Blunstone's and Beck's bands (say that five times fast!) were both featured in cult movies from the mid 1960s. Colin (born in 1945, so he's 62 today) and the Zombies appeared in Otto Preminger's Bunny Lake Is Missing, which is about about a woman who reports that her daughter is missing, even though there isn't any evidence that her daugher ever existed. It's a strange premise for a movie, and I think Zombies appearance is the best thing about the film.

They perform on the television in one scene and play a few songs for the soundtrack ("Come On Time", "Just Out of Reach", and "Remember You"). The first two are the same song with different lyrics, which was one of the few Zombies songs penned by Colin Blunstone. There isn't any youtube footage of their performance, so I've ripped and uploaded the three soundtrack tunes. Anton Barbeau and the Loud Family covered "Remember You" on last year's What If It Works? album.

The Zombies (from Bunny Lake is Missing)
Come On Time
Just Out Of Reach
Remember You

Our other birthday boy in the spotlight, Jeff Beck, is 63 today, so he's one year older than Colin Blunstone and three days younger than Ray Davies. Here's a cool performance from Michelangelo Antonioni's Blow-Up of Beck playing "Train Kept A Rollin'" with the Yardbirds (short-lived Beck, Page dual lead lineup) and smashing his guitar at the end, a la Townshend.

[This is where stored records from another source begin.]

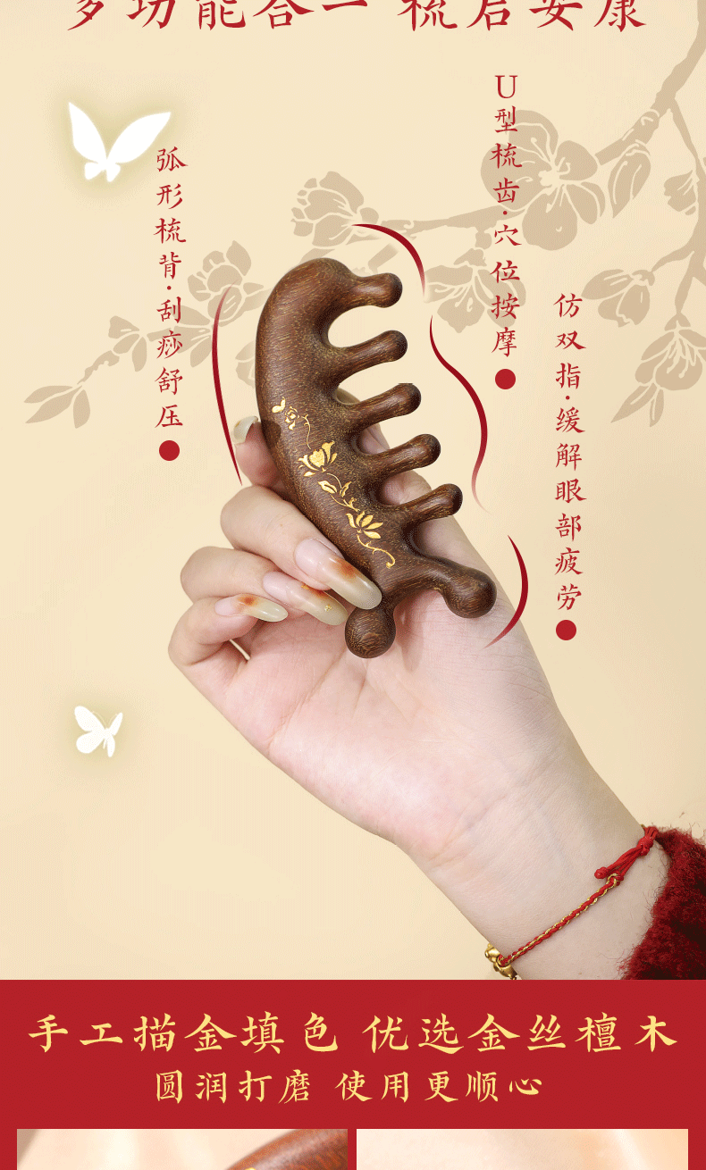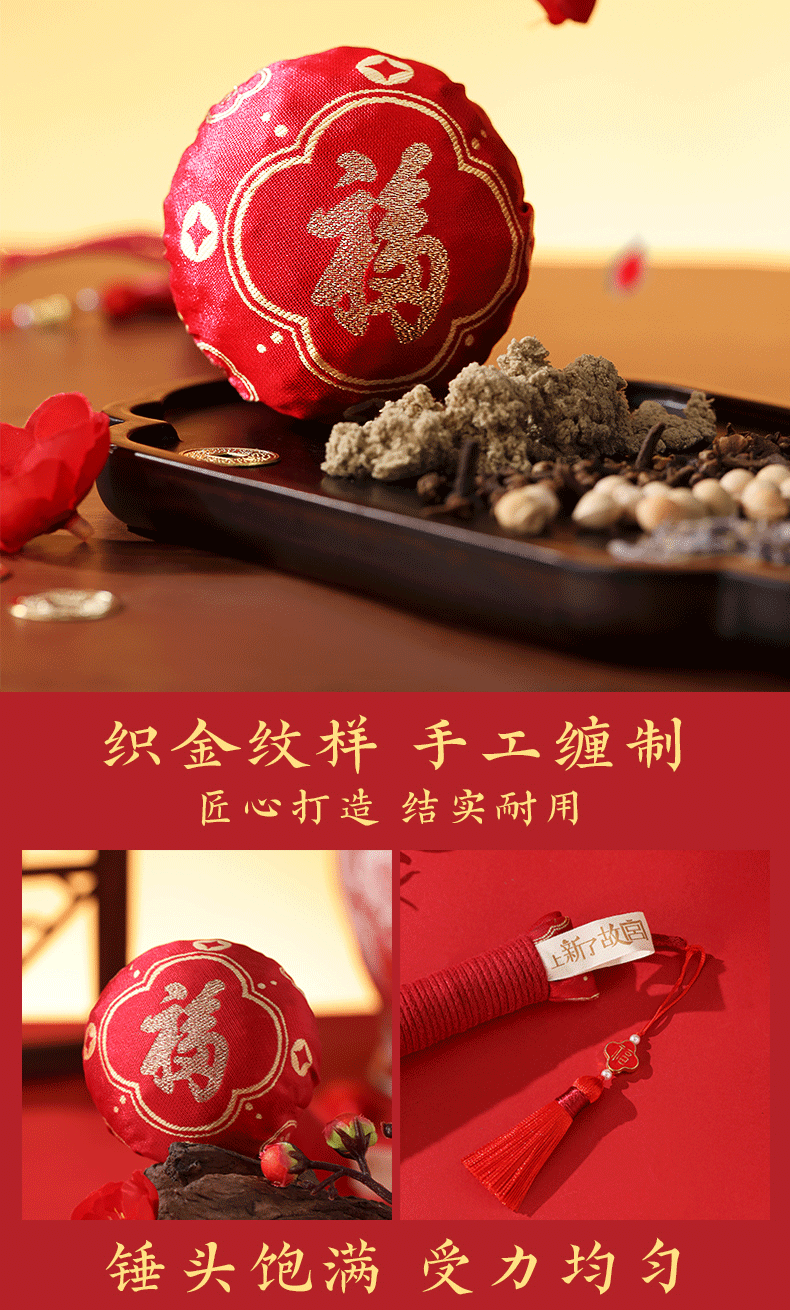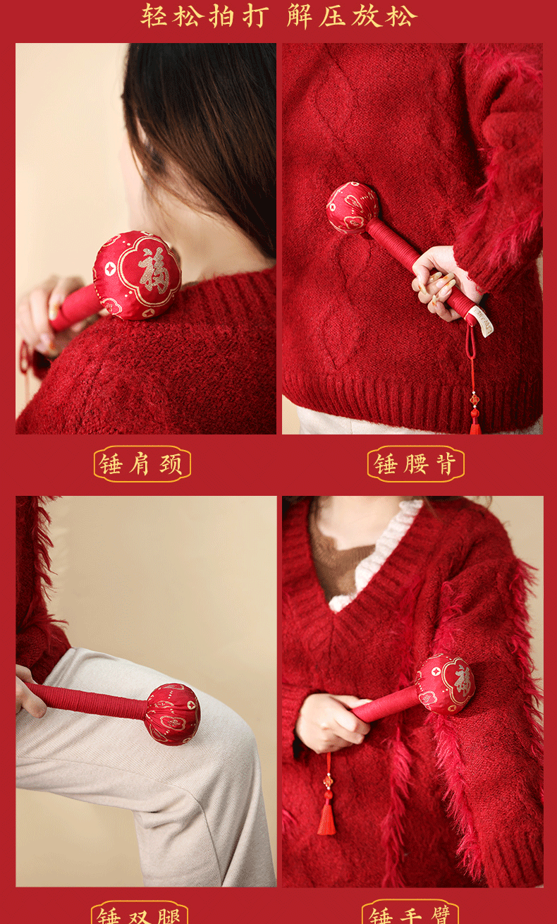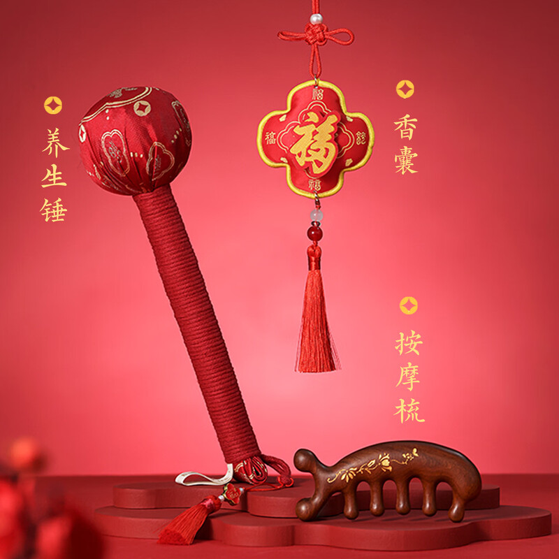 产品规格:养生锤约 7.5*27cm(不含流苏),按摩梳约 11.2*5*1.8cm,香囊约 88cm(不含流苏挂绳)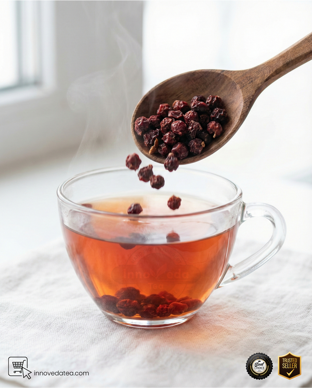 Innoveda’s Schisandra Tisane is a wild ride for the palate—simultaneously tart, sweet, and salty. It is a sophisticated tonic for total wellness.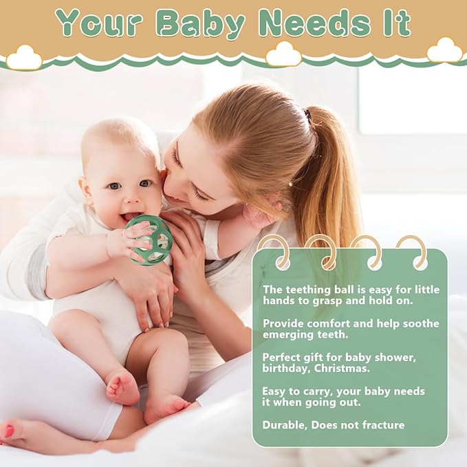 - 【Perfect Gift Idea】The baby teething toy with a gift box, the baby chew ball toy would be an perfect gift choice for newborn babies during the baby shower, Birthday, teething time, Thanksgiving, Christmas, New Year.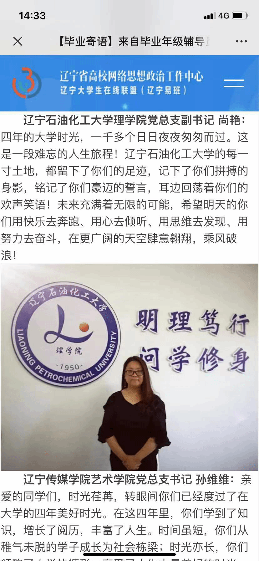 编者按:6月13日,为组织形式多样的“就业育人”主题系列活动,聆听和感受辽宁高校辅导员直抵心灵的温情寄语以及用爱与担当点亮青春的引路微光,辽宁大学生在线联盟(辽宁易班)推出【毕业寄语】来自毕业年级辅导员的款语温言(第一期),其中选取了我校理学院党总支副书记尚艳的毕业寄语。现将相关报道转载如下: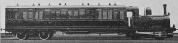 When steam railcars appeared in Great Britain in large numbers at the beginning of the century, James Manson of the G&SWR also followed the trend and had one steam railcar built in 1904. The vehicle consisted of a small, four-coupled tank locomotive and a conventional passenger carriage, which had only one bogie at the rear end. In theory the locomotive could have been detached from the carriage and used independently, however its water supplies were carried under the floor of the carriage.
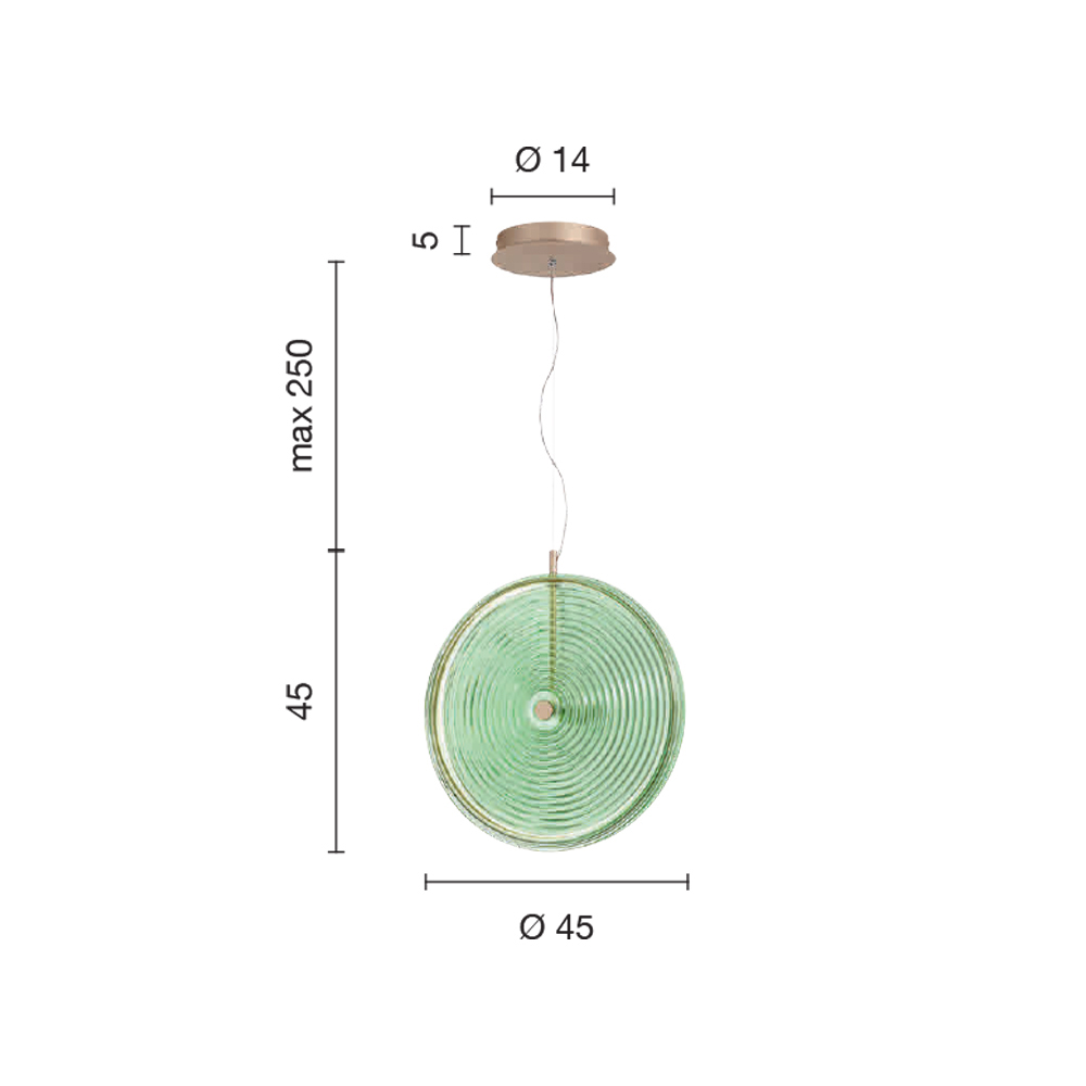 مصباح معلقتم إنتاجه بالكامل في إيطاليا مصنوع من معدن مطلي باللون الذهبيوزجاج مزين بخطوط متحدة المركز مع ضوء LED وكابل بطول قابل للتعديل . يهدف هذا المنتج إلى تعزيز التقاليد من خلال نهج عصري ، حيث تجتمع الأناقة والرقي والابتكار لابتكار تصاميم جديدة تُضفي على أي بيئة لمسةً من الذوق الرفيع والطابع المميز. ومن أبرز مميزاته تميز الأشكالوجودة المواد المستخدمةوتميز مصدر الإضاءة .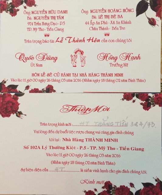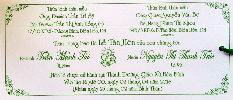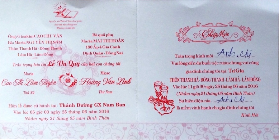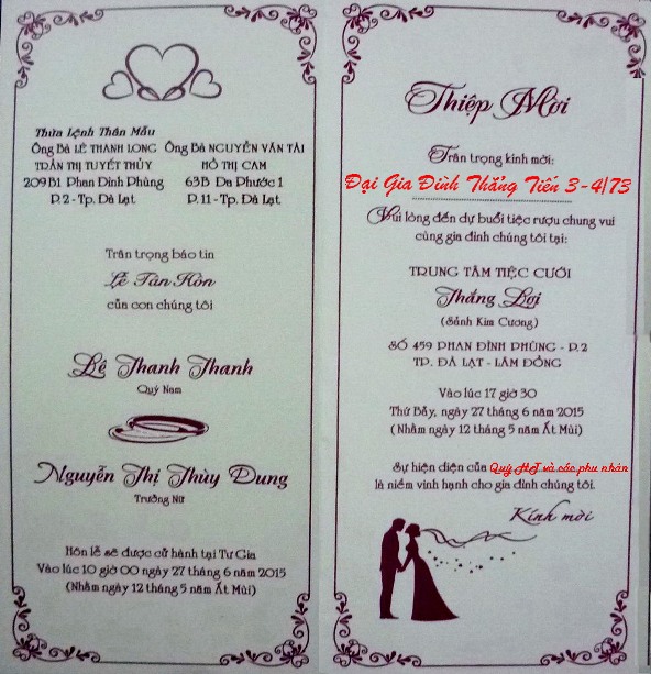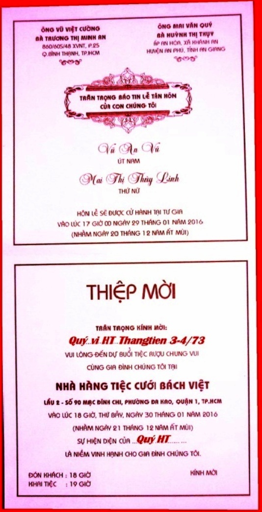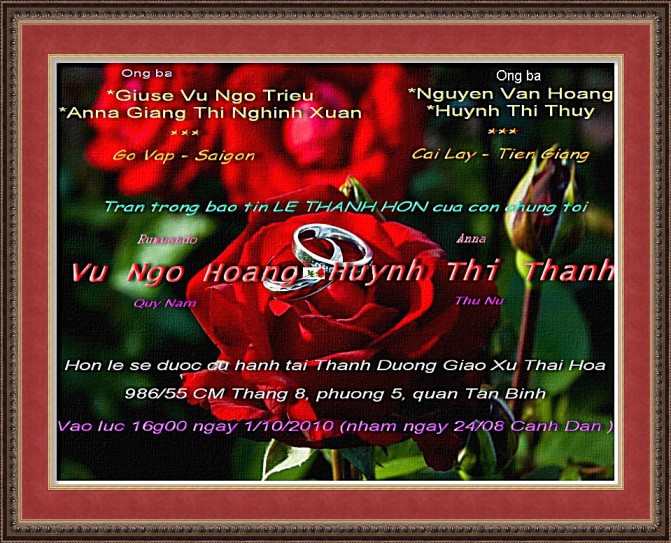 Thay mặt khóa 3&4/73 SVSQ/TBTX - Trang Thẳng Tiến chia vui cùng gia đình TT Cao Chu Vân - chúc hai cháu Văn Linh - Lâm Tuyền, sắt cầm hão hiệp, trăm năm hạnh phúc. |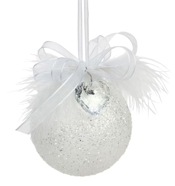 Valkoisella hileellä päällystetty joulupallo sydän koristeella.

Blow-Up also doesn't have much of a linear narrative, but has lots of scenes of swinging London, and full frontal nudity, as well as this scene with the Yardbirds.

1 comment:

2fs said...

Curiously, Arthur Brown also has a cameo in a '60s movie: he appears (as himself, if I recall) in the rather odd film The Committee, in which (among other things) a guy who looks vaguely like Roger Daltrey decapitates someone with the hood of his car. And then sews the head back on. That's the most normal part of the film.